Jacqueline de Jong at PS projectspace, Amsterdam

The new exhibition Jacqueline de Jong – Olivia van Kuiken,Works on Paper  at PS projectspace (13 April – 2 May, 2024) includes works by our artist Jacqueline de Jong. 

 

Olivia van Kuiken, Chicago 1997, graduated from Cooper Union in 2019 and lives and works in Brooklyn, NY. It is the first time that her work will be seen in the Netherlands. Jacqueline de Jong, Hengelo 1939, lives and works alternately in Amsterdam and Bourbonnais, France. Young and established, both equally urgent.

 

Jacqueline de Jong was born in Hengelo in 1939. Before she was 20, she moved to Paris and London, where she studied. Since 1960, De Jong has been building an impressive oeuvre as an experimental visual artist. She belongs to the avant-garde that set the tone of the art scene for the second half of the 20th century. Strongly committed and involved in social debate, in the 1960s she was part of the International Situationists, an artistic-political group that wanted to disrupt the established order with happenings, and had a major influence on the later punk movement.
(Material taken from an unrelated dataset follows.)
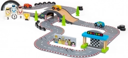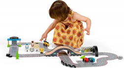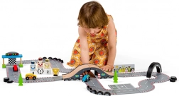 47 dílná sada zahrnuje závodní auta, pódium pro vítěze, nadjezd a další.
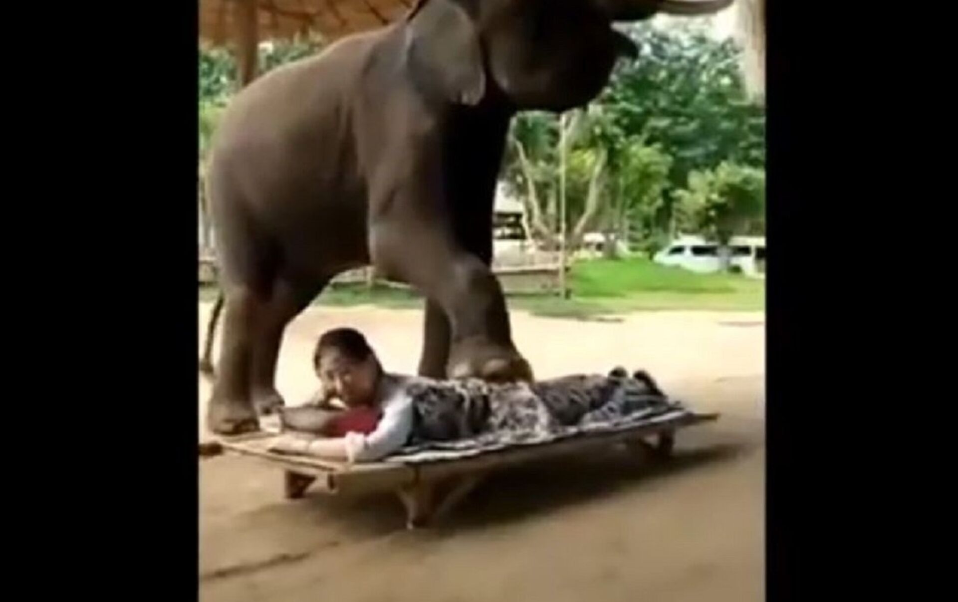بالفيديو... فتاة تجرب مساجا تحت أقدام فيل

Her work - whether as a painter, sculptor or graphic artist - attracted interest from the start, both in Europe and in the United States. In the Netherlands she was asked, among other things, for the murals in the Stopera and an installation for the Nederlandsche Bank. In 2019, De Jong received the French Aware Prize for her exceptional career and oeuvre. The Stedelijk Museum Amsterdam, with which it has had a good relationship since 1958, organized the overview exhibition Pinball Wizard. De Jong lives and works alternately in Amsterdam and Bourbonnais, France.

 

Olivia van Kuiken, merges abstract and representational subjects to upend traditional notions of legibility. She considers the meaning of accuracy as it pertains to visual representation: what is needed to create an identifiable image and what are its associations? She avoids narrative conventions and instead, begins each piece with a formally derived structure or logic guided by a preexisting work. The artist creates a series of sketches, engaging an intuitive and frenetic drawing practice that informs her paintings on canvas. Enlarging small scribbling forms into sinuous, stretching shapes, she parodies the gesture itself and questions mythic status of the artist’s hand. (From press release, ‘Make me Mulch!’, Chapter NY).

 

Olivia van Kuiken's paintings are concerned with alienation. Forms, shapes and text are pushed to the edge of legibility through a shift in context. Gestural marks and pools of colour are often overlaid with figurative and digital motifs. The resulting fragmented compositions echo the complexity of language as a means of communication both linguistically and visually.(From ‘Olivia van Kuiken’s Linguistic Painting’, Rory Mitchell, Ocula).